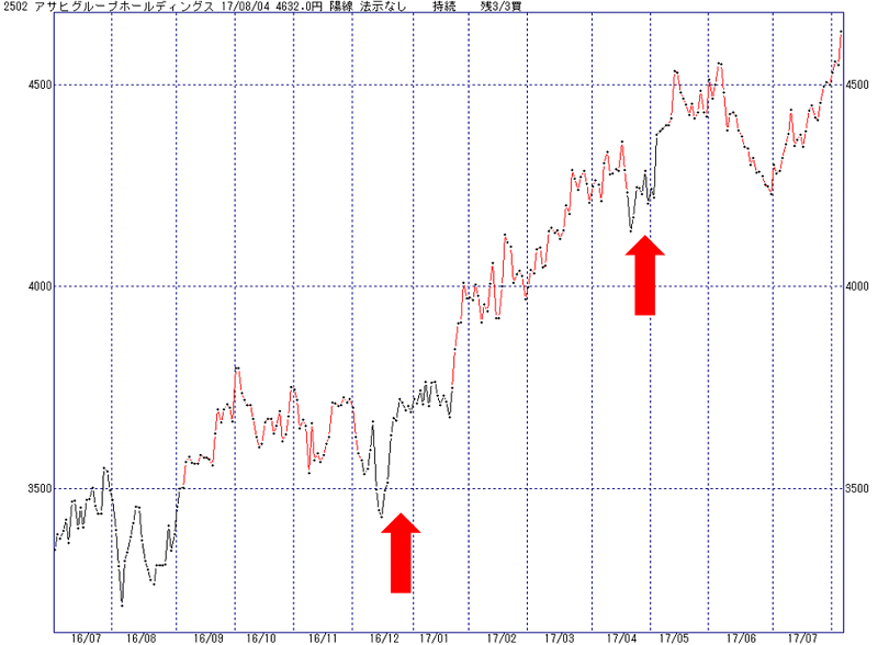 この上げを、中源線はうまく捉えています。とはいえ、2017円1月には、先の三菱重工と同じように、一時的に陰転している場面があります(赤い矢印)。あとから見れば「ダマシだ」「不要な売り買いがあった」となるのですが、この弱含みのあとに下落が続くケースもあるので、いったん売りに転じる、再び強張ったところでドテン買う、といった対応は、多くの投資家が注目すべきものです。
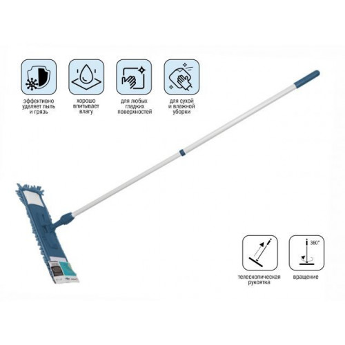 Швабра с практичной ножной педалью. Способна вращаться 360 для удобного использования. Предназначена для сухой и влажной уборки гладких поверхностей (пола, стен, потолков). Идеально подходит для мытья линолеума, паркета, ламината, кафеля. Более гигиенично собирает и удерживает пыль, грязь,жидкость.
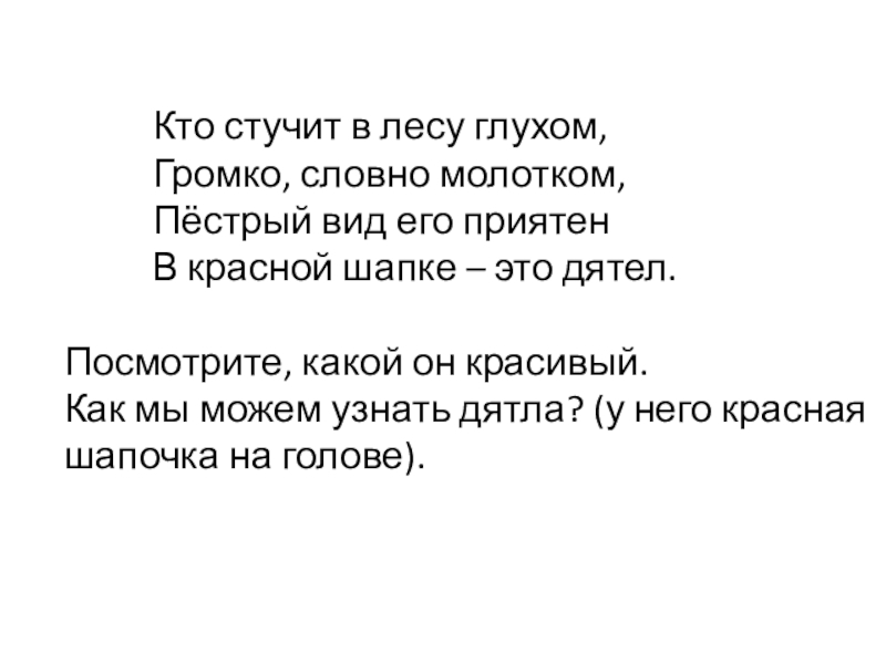 Кто стучит в лесу глухом,		Громко, словно молотком,		Пёстрый вид его приятен		В красной шапке – это дятел.Посмотрите, какой он
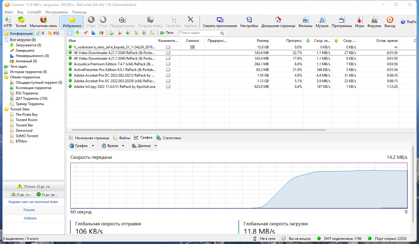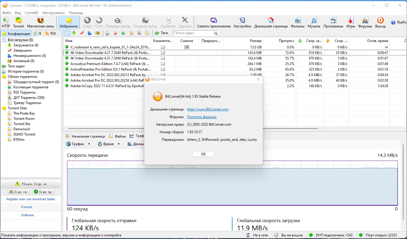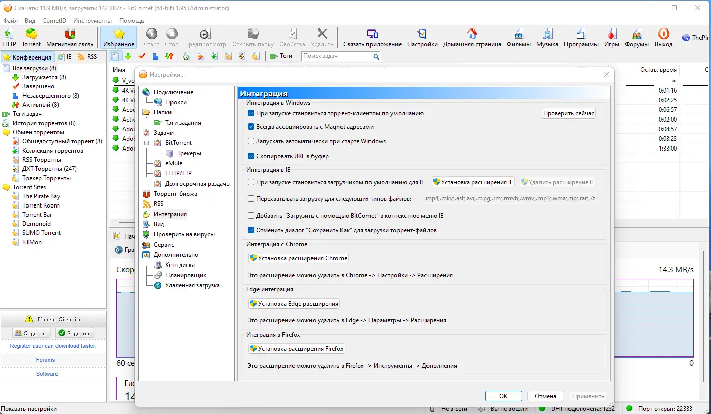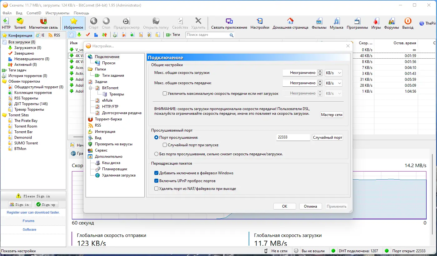 BitComet представляет собой полнофункциональный клиент для работы с протоколом Bittorrent, разработанный с акцентом на скорость, стабильность и удобство. Он поддерживает широкий спектр функций, включая работу с magnet-ссылками, создание очереди загрузок и приоритезацию задач. Программа автоматически адаптируется к различным типам соединений, оптимизируя использование кеша и сетевого трафика. Это делает её надёжным решением для постоянной работы с файлами в распределённой сети.

# Exercise instructions
Reproduce the listing word for word and omit its pictures.

# Expected answer
 この上げを、中源線はうまく捉えています。とはいえ、2017円1月には、先の三菱重工と同じように、一時的に陰転している場面があります(赤い矢印)。あとから見れば「ダマシだ」「不要な売り買いがあった」となるのですが、この弱含みのあとに下落が続くケースもあるので、いったん売りに転じる、再び強張ったところでドテン買う、といった対応は、多くの投資家が注目すべきものです。
 Швабра с практичной ножной педалью. Способна вращаться 360 для удобного использования. Предназначена для сухой и влажной уборки гладких поверхностей (пола, стен, потолков). Идеально подходит для мытья линолеума, паркета, ламината, кафеля. Более гигиенично собирает и удерживает пыль, грязь,жидкость.
 Кто стучит в лесу глухом,		Громко, словно молотком,		Пёстрый вид его приятен		В красной шапке – это дятел.Посмотрите, какой он
 BitComet представляет собой полнофункциональный клиент для работы с протоколом Bittorrent, разработанный с акцентом на скорость, стабильность и удобство. Он поддерживает широкий спектр функций, включая работу с magnet-ссылками, создание очереди загрузок и приоритезацию задач. Программа автоматически адаптируется к различным типам соединений, оптимизируя использование кеша и сетевого трафика. Это делает её надёжным решением для постоянной работы с файлами в распределённой сети.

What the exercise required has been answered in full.